Paleolandscapes and the ca. 8,000 BP Shoreline of the Gulf of Mexico Outer Continental Shelf 2020

The Use of Sub-bottom Profilers in the Hunt for Submerged Landscapes

By Megan Metcalfe, Senior Marine Geophysicist at Wessex Archaeology

We know large areas of the Gulf of Mexico were once dry land and that these areas may have been home to Palaeoindians many thousands of years ago. The issue for archaeologists is how can we find these past landscapes when they are now covered by tens of meters of water? The answer is marine geophysics.

When looking for submerged landscapes below the seafloor, the main geophysical tool we use is a sub-bottom profiler (SBP). Typical shallow-water SBP systems include boomer, pinger, and chirp (Figure 1). An SBP sends out an acoustic wave, some of which bounces off the seabed and the rest which penetrates the seafloor. When this acoustic wave hits a sediment horizon below the seabed, some of the sound bounces back. The time it takes for these acoustic waves to return are then used to calculate the depth at which these sediment horizons can be found. A horizon can be a change in the sediment type, for example between a layer of rock and a layer of sand. It can also show where there is a major change in angle and character of deposits, such as the cut of an ancient river channel, which has been infilled by mud and sands.

An example of different SBPs and their associated acoustic signal.

Figure 1: An example of different SBPs and their associated acoustic signals. Image courtesy of Wessex Archaeology. Download larger version (jpg, 257 KB).

In order to give us the best chance of discovering submerged landscapes in the Gulf of Mexico, we have decided to use two different SBPs. The first is a Chirp, which is a relatively high-frequency SBP that is known to reliably produce subseafloor data in the survey area. The second system is a parametric sonar.

To understand the significance of these two different systems, we need to take a quick side step into the world of marine geophysics. Different SBPs will use different frequencies to map below the seabed. Lower-frequency, higher-power SBPs (such as boomers) can penetrate greater depths but are lower resolution, which means that we see less detail. Higher-frequency SBPs use a lower power, which means they can only penetrate shallow depths, but they provide a higher-resolution image, meaning they produce a more detailed picture of what is below the seabed. Choice of system comes down to what question it is you are trying to answer, and sediment types that you are likely to encounter.

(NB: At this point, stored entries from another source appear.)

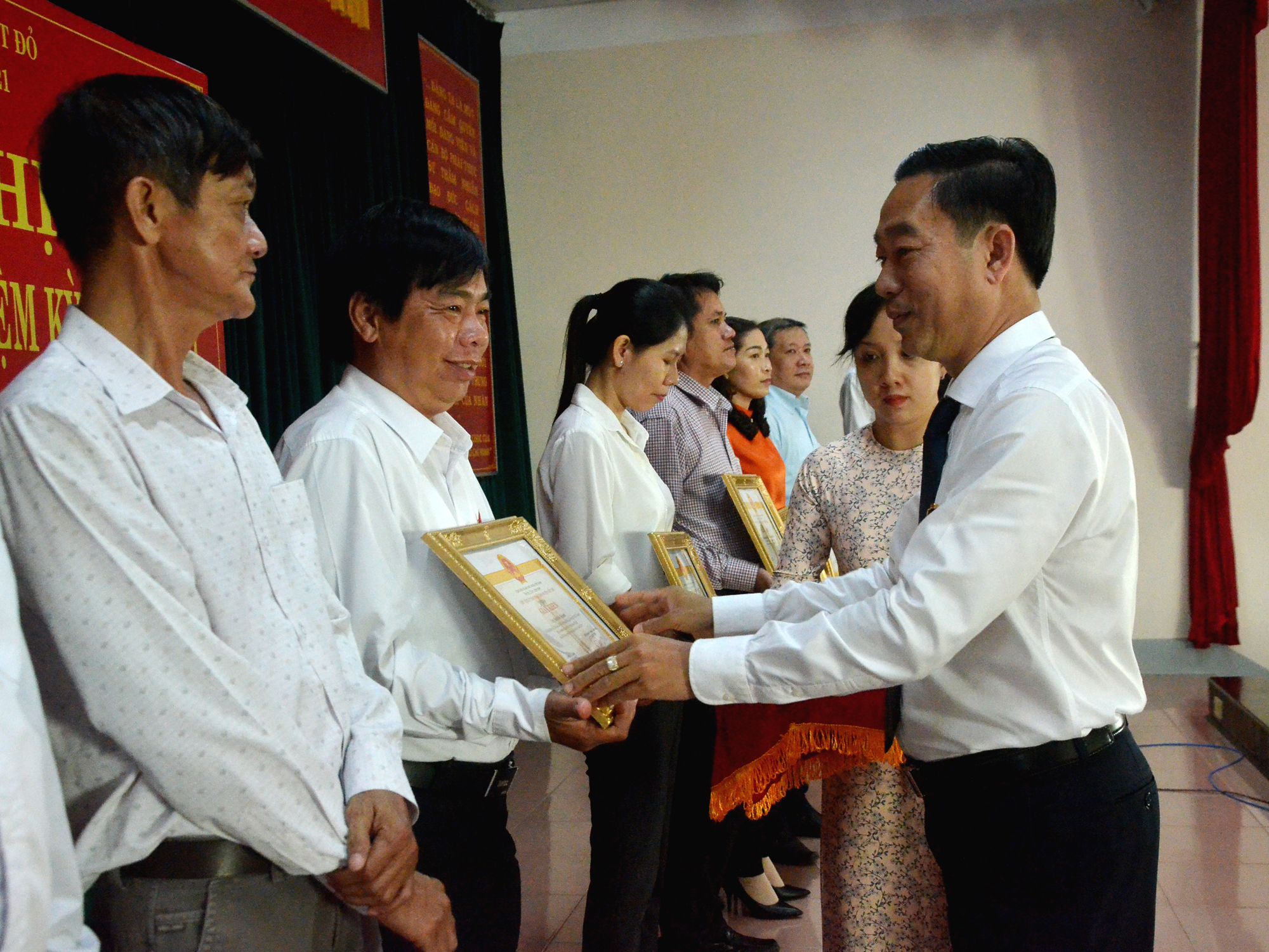 | Ông Lê Văn Hòa, Bí thư Huyện ủy Đất Đỏ trao giấy khen cho các tập thể, cá nhân có thành tích xuất sắc hoạt động HĐND nhiệm kỳ 2016-2021. |
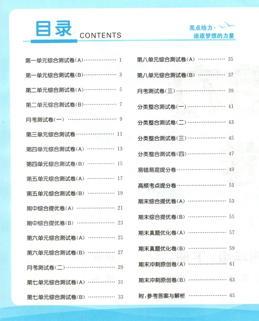 再加上月考卷、期中期末卷、分类整合卷(计算专练+应用题专练+几何专练),从单元检测到专项突破再到综合模拟,层层递进,精准扫清知识盲区。
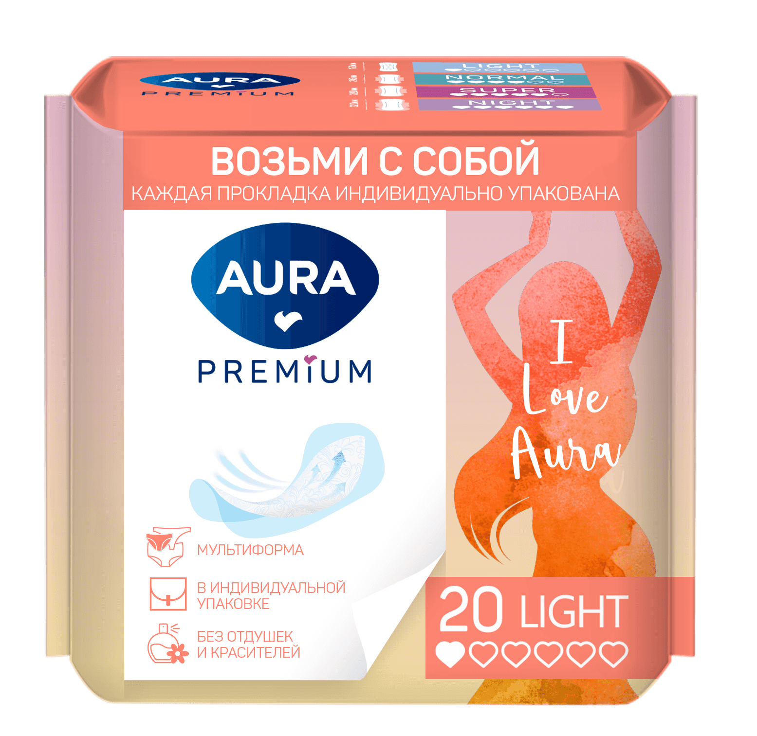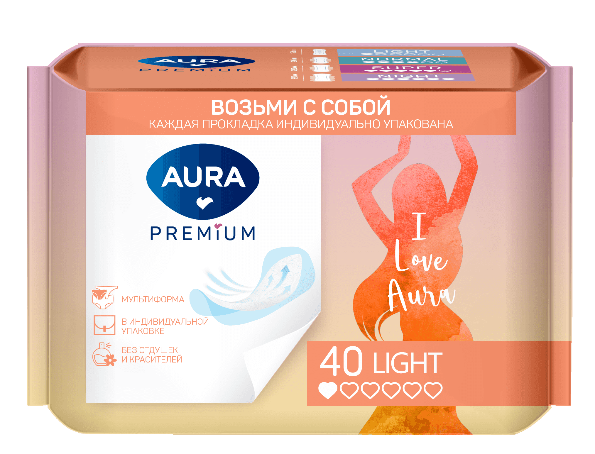 AURA PREMIUM Прокладки женские ежедневные ультратонкие LIGHT 40шт /24
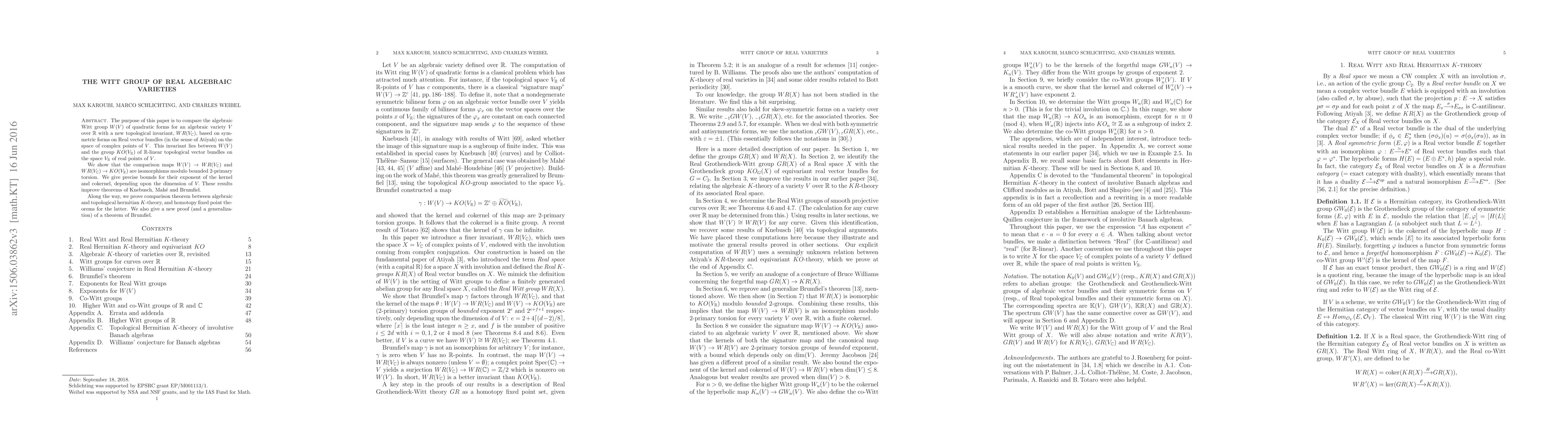 This paper establishes isomorphisms between the algebraic Witt group of a real algebraic variety and a topological invariant based on symmetric forms on Real vector bundles, modulo bounded 2-primary torsion. It also provides precise bounds for the kernel and cokernel of these maps, improving previous theorems. The study further introduces a comparison theorem between algebraic and topological Hermitian K-theory, and proves homotopy fixed point theorems. A generalized theorem of Brumfiel is also presented with a new proof.
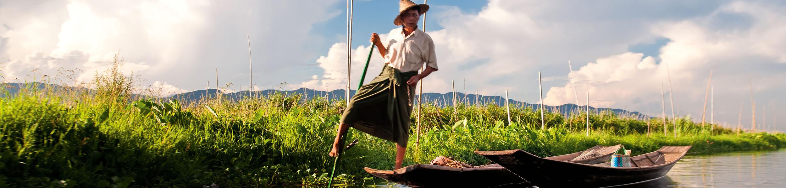 Out of the mist, with the first rays of dawn pouring over the eastern hills, a fisherman appears. He’s trawling across what appears to be a thin sheet of glass, one strong leg propelling his slender canoe while he hefts a massive cone-shaped net above his head. The Intha fishermen, members of the Tibeto-Burman ethnic minority group that make their homes in stilt houses on the lake, are self-sufficient fisherfolk and farmers known for their unique one-legged rowing style. With the sun up, Inle’s water world slowly reveals itself, from pagoda-spiked coves to the green islands of vegetation that float atop the water.
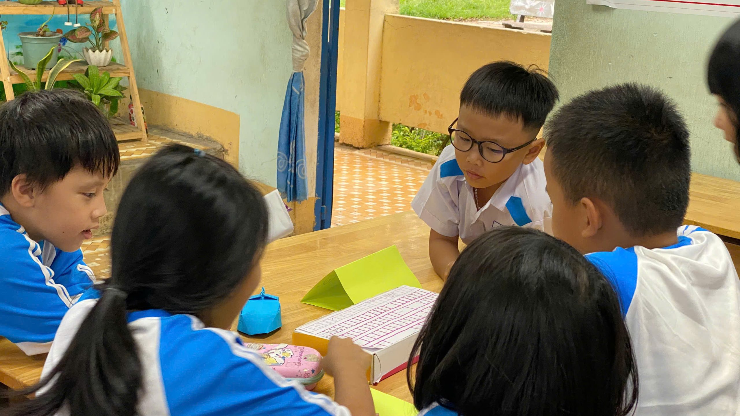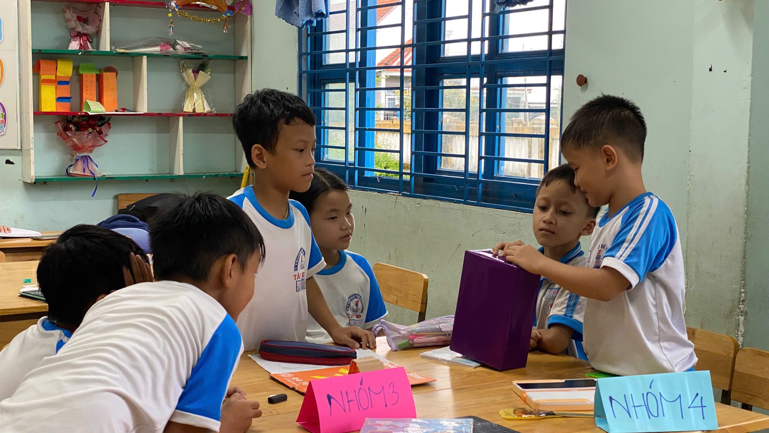 Trong tiết học, học sinh được chia thành các nhóm nhỏ và cùng nhau:
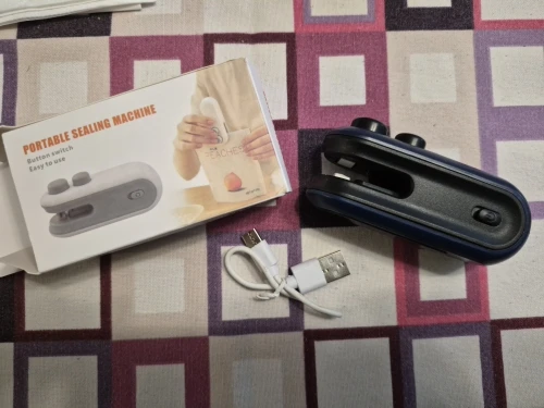 cute, lightweight and functional, does its job, seals, cuts and has a magnet on the back side, a cable included and a small instruction manual, easy to use, arrived before the expected date.

Unlike other SBPS, a parametric sonar uses two different frequencies which are emitted at the same time. These two frequencies then interact with each other in the water column to produce a lower frequency signal with a very narrow bandwidth. This lower frequency signal gives the penetration, but without the interference from surrounding objects that you may have with other SBPs. To use an analogy, if you imagine a standard SBP were a lamp then a parametric sonar would be a flashlight; both will help you to see features, however a parametric sonar gives you a more focused view. This, along with a high sample rate, means that a parametric sonar can produce a much more detailed image, which in turn means we can map much thinner layers of sediments. Although parametric sonar data have been used to map submerged landscapes in the North Sea and United Kingdom waters, they are less commonly used in the United States for the investigation of past landscapes. That’s why I and my colleague at Wessex Archaeology, Louise Tizzard, flew over from the United Kingdom to be part of this exciting project.

Wessex Archaeology is an archaeological company based in the United Kingdom. At Wessex Archaeology we have carried out a variety of projects using parametric sonar, for example at Area 240 in the North Sea, where a combination of parametric sonar and a boomer interpretation were used to map the gravel rich river channels in which 250,000 year old flint artifacts had been recovered .

For this project in the Gulf of Mexico, the Chirp and the parametric sonar were used at the same time. Our hope was that these two systems would complement each other; the Chirp system would be used to get an overview of the old river systems, which may have been a desirable place for humans of the past to live, and the parametric sonar would hopefully give us a more detailed image of any small, individual features or units which may be of archaeological interest (Figure 2), such as terrace features or possibly even shell middens. A combination of the two systems gives us an even greater chance of discovering more about this past landscape, and helped us to decide which areas to target for further investigation.

Amanda Evans (left) and Megan Metcalfe (right) monitor acquisition of the parametric sonar data onboard the R/V Nikola during fieldwork in 2019.

Figure 2: Amanda Evans (left) and Megan Metcalfe (right) monitor acquisition of the parametric sonar data onboard the R/V Nikola during fieldwork in 2019. Image courtesy of Paleolandscapes and the ca. 8,000 BP Shoreline of the Gulf of Mexico Outer Continental Shelf. Download larger version (jpg, 3.4 MB).